During the festival; walleye, perch, crappie and sunfish are being tagged as prize fish. The bass season opens later in June but Rice has always been known as a premier bass lake with strong populations of Largemouth and Smallmouth. Throw in Musky, catfish, carp and the lake lives up to its fame. More fish per acre than any lake in Ontario.

So boutdun if you have not been here in a couple of years, you might want to check back in, we would love to see you return.


----------



## Matt V (Dec 8, 2004)

boutdun said:


> after going there for years we finally hung it up,the fish were smaller an mostly sunfish an crappies,while you could still fill the boat,the size an variety made up our mind for us


My family and I go for 2 week's every year.
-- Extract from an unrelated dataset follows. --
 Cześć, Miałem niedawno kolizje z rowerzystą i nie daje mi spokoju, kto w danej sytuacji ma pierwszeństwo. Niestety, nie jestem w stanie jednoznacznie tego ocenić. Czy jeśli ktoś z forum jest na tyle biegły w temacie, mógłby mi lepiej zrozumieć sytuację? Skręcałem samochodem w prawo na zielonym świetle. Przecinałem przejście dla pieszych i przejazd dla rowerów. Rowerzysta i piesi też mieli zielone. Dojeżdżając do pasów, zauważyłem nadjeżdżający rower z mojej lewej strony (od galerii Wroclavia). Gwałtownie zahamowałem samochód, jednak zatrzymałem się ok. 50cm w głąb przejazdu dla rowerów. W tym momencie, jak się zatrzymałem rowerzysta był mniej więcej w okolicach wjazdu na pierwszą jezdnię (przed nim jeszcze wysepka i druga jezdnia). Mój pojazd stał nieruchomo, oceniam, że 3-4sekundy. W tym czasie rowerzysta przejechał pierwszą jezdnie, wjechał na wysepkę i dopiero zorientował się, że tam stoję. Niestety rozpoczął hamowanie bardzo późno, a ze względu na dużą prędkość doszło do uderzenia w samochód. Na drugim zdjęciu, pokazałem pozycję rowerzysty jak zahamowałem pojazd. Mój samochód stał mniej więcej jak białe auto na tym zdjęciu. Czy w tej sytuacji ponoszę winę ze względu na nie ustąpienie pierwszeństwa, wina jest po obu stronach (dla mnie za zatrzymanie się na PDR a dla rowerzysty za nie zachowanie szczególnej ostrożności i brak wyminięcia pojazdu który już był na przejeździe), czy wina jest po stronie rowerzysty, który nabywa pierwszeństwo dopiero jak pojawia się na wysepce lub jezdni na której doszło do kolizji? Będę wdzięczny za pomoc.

Last year the fish were quite a bit bigger than what we were catching a few year's ago.


----------



## Michael_Brown (Feb 1, 2011)

Hi Everyone:

We have a new redesigned website. One of the features is a forum. It might have a few quirks but the only way to find out is get it up and running. Drop by, register and have a look around. If something doesn't work, let me know.

http://www.ricelakes...val.ca/?q=forum

This forum will be used for festival updates, questions, Rice Lake fishing info and general fishing chat.
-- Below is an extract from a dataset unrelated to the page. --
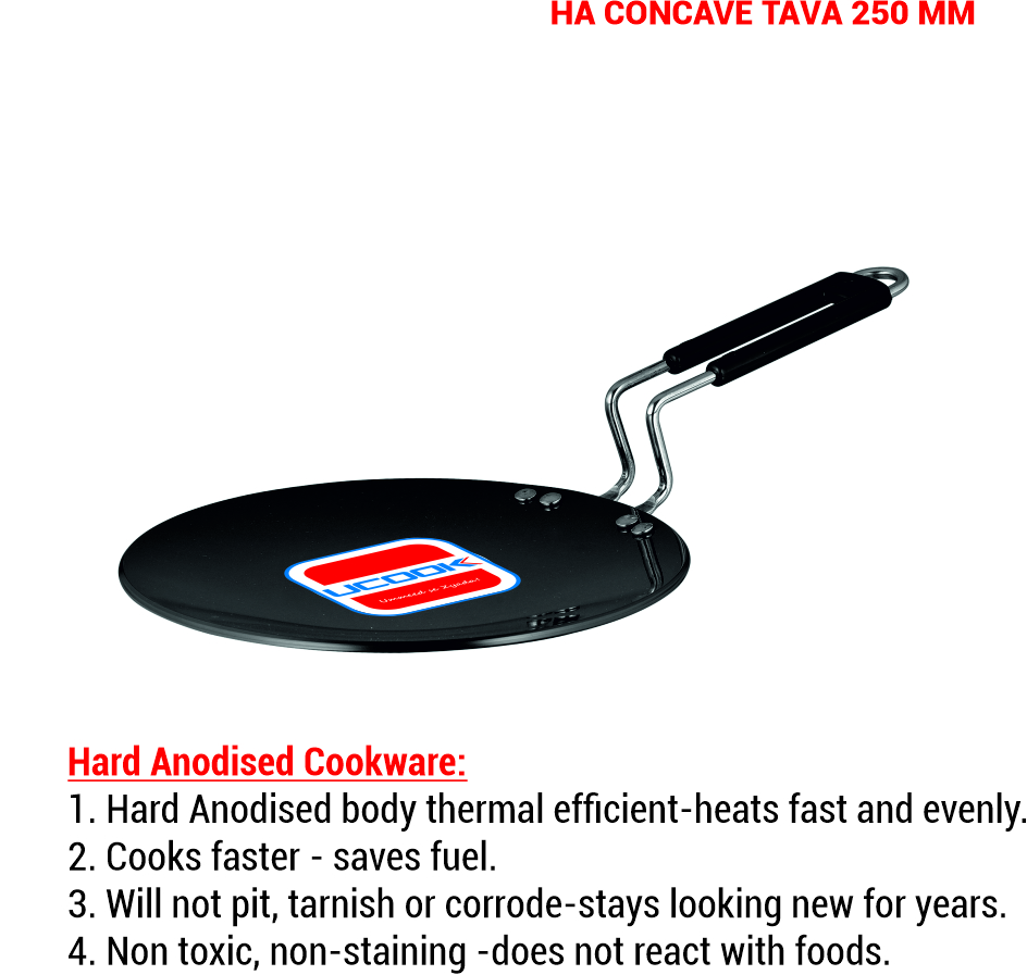 Hard Anodised Aluminium Concave Tava 250 mm /4.06 mm with superior strength and durability. It has a cool touch and strong handle for better grip. The base is designed for uniform heat distribution. It keeps the temperature in control and avoid burning of food.
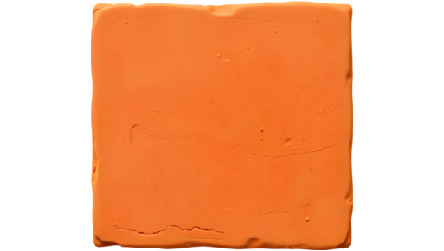 A vibrant orange square of clay, showcasing a smooth texture and bold color, ideal for artistic creations and modeling.

I can only hope that we offer the quality that is found here.


----------



## notmuchtime (Aug 6, 2002)

Site isn't accessible as of 10 am today.


----------



## Michael_Brown (Feb 1, 2011)

I'm not sure why it was not working, possibly the web designer working on something.

Try this link.

http://www.ricelakespringfishingfestival.ca/?q=forum


----------



## Michael_Brown (Feb 1, 2011)

We been having issues on the new forum with Internet Explorer users. 

Most of the website seems fine but the forum does not seem to work very well. No problems with Google Chrome or Firefox browsers.
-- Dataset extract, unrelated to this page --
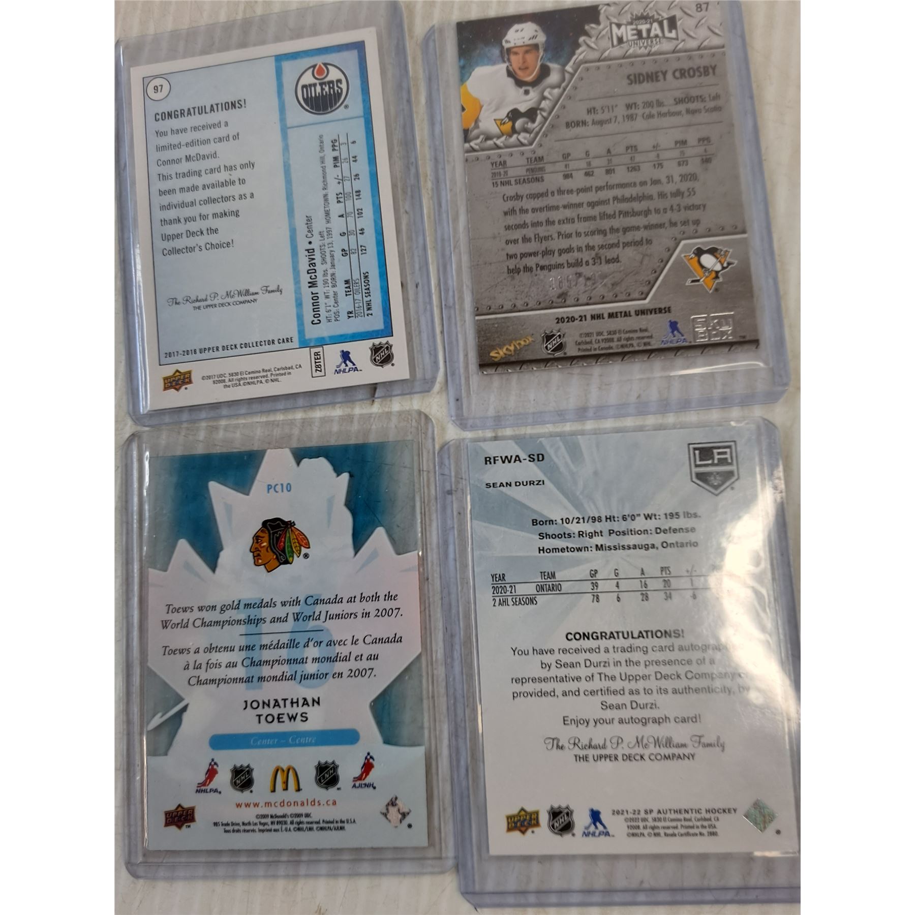 Lot 4329 (9) NFL & NHL Sports Cards-Bill Belichick, Connor McDavid, Jonathan Toews

We are working on it and I will keep you updated.

Looking forward to a great festival this spring on Rice Lake, Ont.


----------



## kingfisher 11 (Jan 26, 2000)

When is the festival? Is there now a limit on sunfish abd walleye? I fished it about 13 years ago. Went with a bucnh of guys. Might consider taking the family there instead of Northern Ontario.


----------



## Michael_Brown (Feb 1, 2011)

The festival is May 14-June 19, 2011. 
Your right about the new regulations and they have been helpful. The fishing has been fantastic. The last couple of years the walleye fishing, has been incredible, the lake is full of 2-3 lb fish. 
The festival is running right in the prime season. The weeds are fresh, the water is clear and the baitfish are shallow. 
The other nice thing is the festival discounts being offered by the resorts. Check out the Specials section of the website for details.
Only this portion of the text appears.